* **Task to complete**: Retype the whole listing below exactly, keeping every picture out of it.

* **Recorded data**:
------------------------------
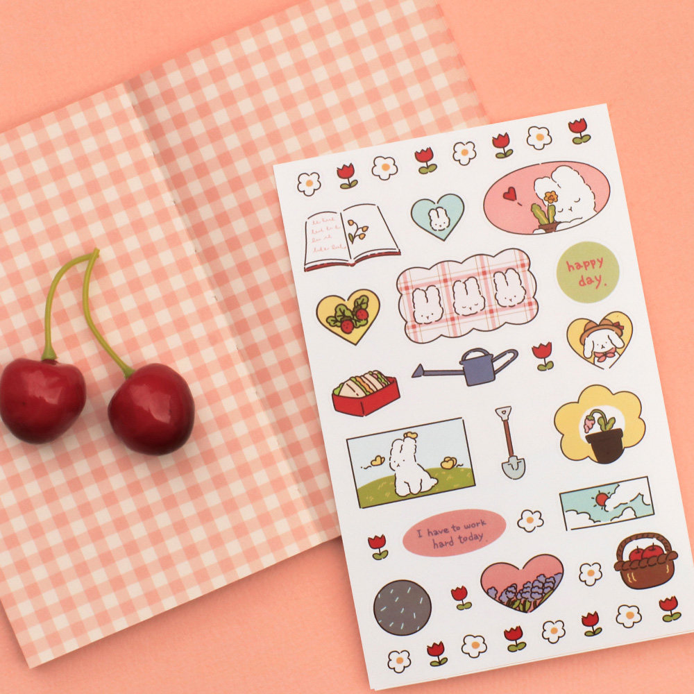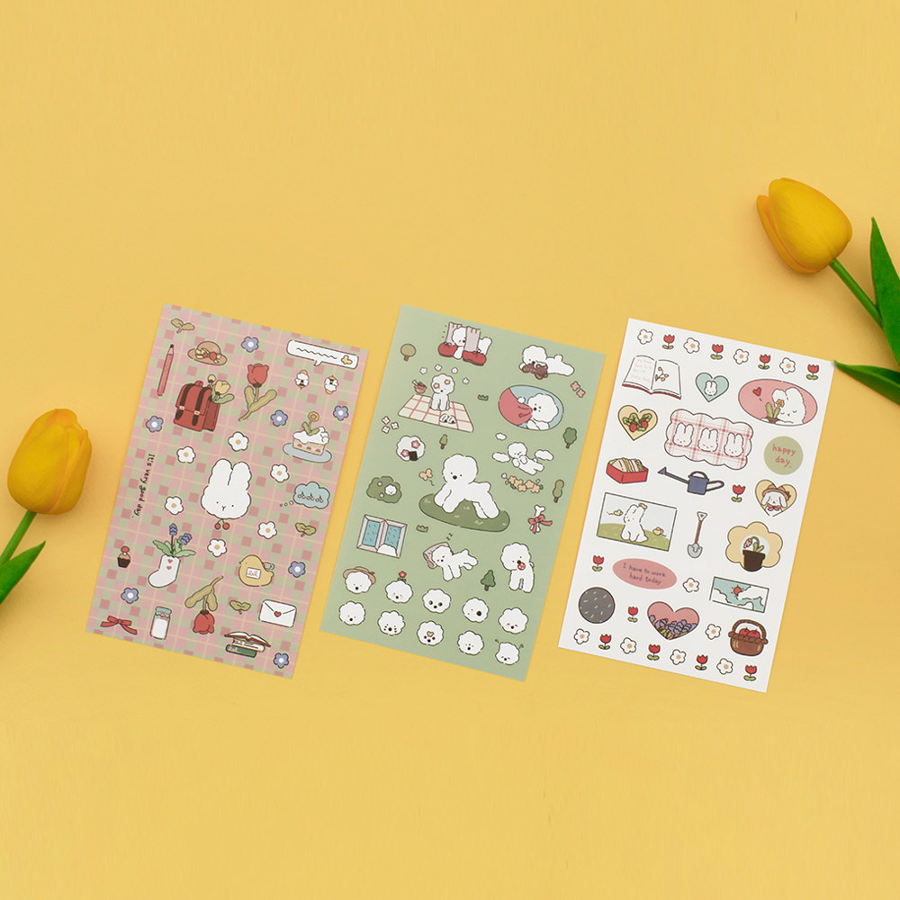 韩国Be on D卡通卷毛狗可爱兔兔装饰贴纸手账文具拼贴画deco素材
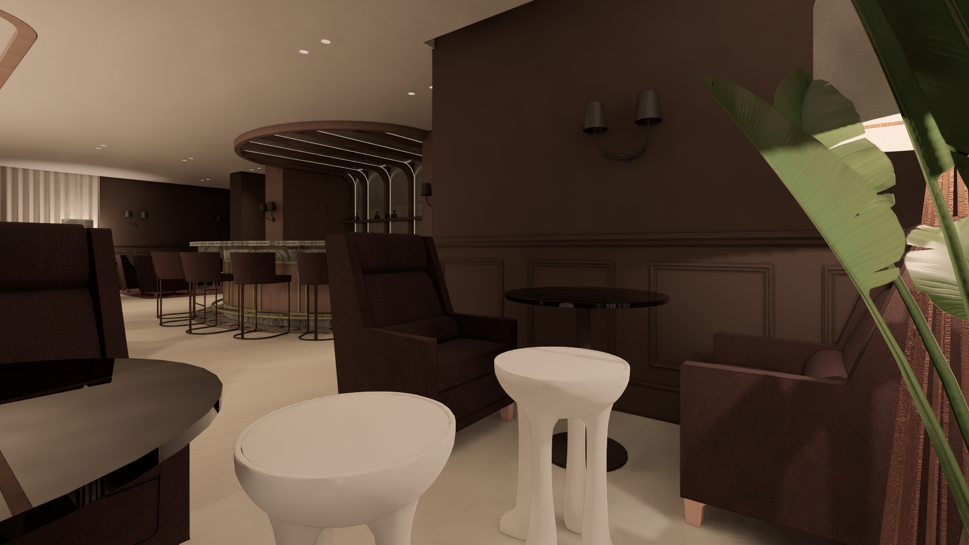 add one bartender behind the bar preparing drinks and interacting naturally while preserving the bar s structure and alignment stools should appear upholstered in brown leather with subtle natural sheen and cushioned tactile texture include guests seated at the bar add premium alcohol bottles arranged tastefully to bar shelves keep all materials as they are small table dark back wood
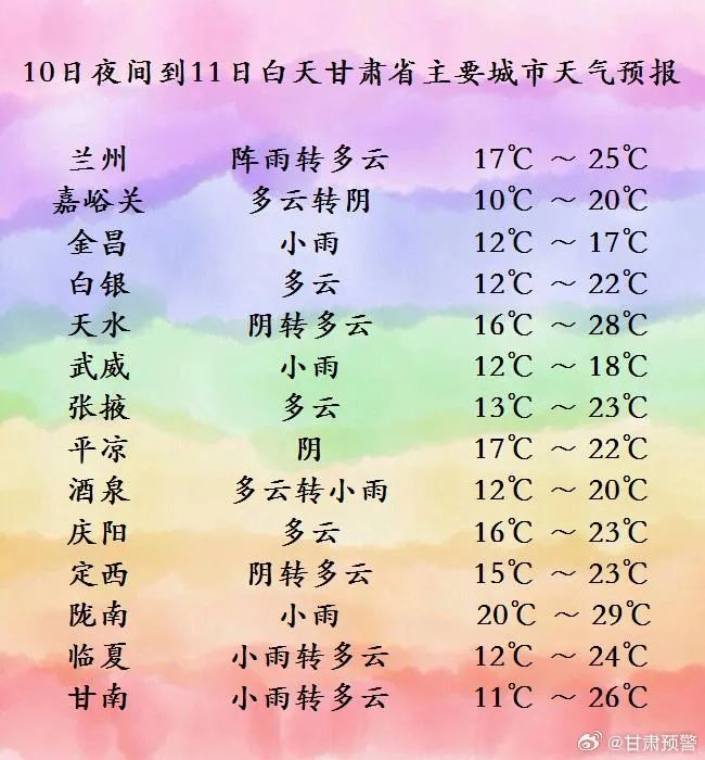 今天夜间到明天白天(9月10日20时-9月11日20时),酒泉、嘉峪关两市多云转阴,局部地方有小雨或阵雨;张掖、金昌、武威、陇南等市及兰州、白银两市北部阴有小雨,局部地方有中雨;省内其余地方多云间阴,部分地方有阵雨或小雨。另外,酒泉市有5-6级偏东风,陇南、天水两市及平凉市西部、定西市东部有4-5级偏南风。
------------------------------
* **Written solution**:
 韩国Be on D卡通卷毛狗可爱兔兔装饰贴纸手账文具拼贴画deco素材
 add one bartender behind the bar preparing drinks and interacting naturally while preserving the bar s structure and alignment stools should appear upholstered in brown leather with subtle natural sheen and cushioned tactile texture include guests seated at the bar add premium alcohol bottles arranged tastefully to bar shelves keep all materials as they are small table dark back wood
 今天夜间到明天白天(9月10日20时-9月11日20时),酒泉、嘉峪关两市多云转阴,局部地方有小雨或阵雨;张掖、金昌、武威、陇南等市及兰州、白银两市北部阴有小雨,局部地方有中雨;省内其余地方多云间阴,部分地方有阵雨或小雨。另外,酒泉市有5-6级偏东风,陇南、天水两市及平凉市西部、定西市东部有4-5级偏南风。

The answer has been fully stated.